There are a couple of subtle issues that one must deal with when implementing the calloc() function. This function takes in two values; the number of elements in an array, and the size of each element. It then returns a block of memory that is filled with zeroes. The most obvious way to implement this is:


void *calloc(size_t n, size_t size)
{
	size_t total = n * size;
	void *p = malloc(total);
	
	if (!p) return NULL;
	
	return memset(p, 0, total);
}

More than a few memory allocators implement it this way. Can you spot the problems? The first is fairly obvious. The memory returned from malloc may already be filled with zeroes. This happens when malloc obtains the memory straight from the operating system. Due to security reasons, the memory is pre-cleared by the operating system first. This means that the memset may not be required. This doesn't seem like that big of a deal. However, the most likely case where this happens is when a large chunk of memory is asked for. Clearing it again can be extremely slow as the whole block of memory will need to be paged in. The operating system trick of merging pages filled with zeroes is thwarted, and much more memory may be used. The resulting slow-down can be extreme if the program was going to use the memory for a sparse array.

The second problem is more subtle. The multiplication may overflow. This causes the memory allocator to allocate less than the program asked for. The resulting malloc may succeed, and a pointer may be returned. The program can then overflow the buffer, and a security problem will exist. The solution is of course to securely do the multiplication, and return NULL if the result is too large.

The problem for today is to work out the fastest way to implement the multiplication and overflow detection process. If this were an addition, the code would be rather simple. Add the two numbers, and check to see if the result is less than either of them. If so, then we have overflowed.

This algorithm doesn't work with multiplication. An example that shows this is imagine your machine has a 4bit size_t. Let n=7 and size=9. The true value of the multiplication is 63. However, mod 16, this is 15. 15 is larger than both 7 and 9, however, we have still overflowed.

A slow technique to do the multiplication safely is to break the size_t values into two chunks. For the rest of this page, assume size_t is a 64bit type. We split them into two 32bit chunks, corresponding to the upper and lower 32bits.

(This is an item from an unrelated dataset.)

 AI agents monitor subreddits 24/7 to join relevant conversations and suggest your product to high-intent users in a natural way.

size_t safemul(size_t n, size_t size)
{
	unsigned n_high = n >> 32;
	unsigned n_low = n;
	
	unsigned size_high = size >> 32;
	unsigned size_low = size;
	
	size_t t1, t2;
	
	/* We can't overflow if both are less than 32bits */
	if (!n_high && !size_high) return n * size;
	
	/* We will definately overflow */
	if (n_high && size_high) return goto overflow;
	
	/* Only one of the values is more than 32bits in size, overflow uncertain */
	if (n_high)
	{
		t1 = (size_t) n_high * size_low;
		t2 = (size_t) n_low * size_low;
	}
	else
	{
		t1 = (size_t) size_high * n_low;
		t2 = (size_t) size_low * n_low;
	}
	
	/* Overflow? */
	if ((t1 + (t2 >> 32)) >= (1ULL << 32)) goto overflow;
	
	/* Add together the two chunks, we know that they won't overflow */
	return (t1 << 32) + t2;

overflow:
	/* Return a large number that malloc will fail to allocate */
	return ~0ULL;
}

The above works. However, it is quite slow, since it has quite a few multiplies. Can we do better? Looking in the "Hackers Delight" book gives a new technique based upon counting the number of bits used in each value.

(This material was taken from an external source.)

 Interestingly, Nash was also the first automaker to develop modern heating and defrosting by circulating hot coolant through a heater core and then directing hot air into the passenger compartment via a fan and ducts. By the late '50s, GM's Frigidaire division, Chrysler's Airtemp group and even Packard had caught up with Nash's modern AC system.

size_t safemul(size_t n, size_t size)
{
	unsigned lz_n = nlz(n);
	unsigned lz_size = nlz(size);
	
	size_t t;
	
	/* Numbers too large to multiply without overflow? */
	if (lz_n + lz_size <= 62) goto overflow;

	/* Do most of the multiplication */
	t = n * (size/2);
	
	/* Top bit set? */
	if ((s_size_t)t < 0) goto overflow;

	/* Correct for the factor of 1/2 above */
	t += t;
	
	/* Add in the effect of the bottom bit */
	if (size & 1)
	{
		/* The addition overflow detection trick works here */
		t += n;
		if (t < n) goto overflow;
	}
	
	return t;
	
overflow:
	/* Return a large number that malloc will fail to allocate */
	return ~0ULL;	
}

where the nlz() function counts the number of leading zeros. This routine is unfortunately even slower in the common case where allocations are smaller than 4GiB. Larger allocations are faster... but those are extremely rare, so the net result is something slower. In 32bit code, where allocations are quite often larger than 64KiB, this routine is the winner, however.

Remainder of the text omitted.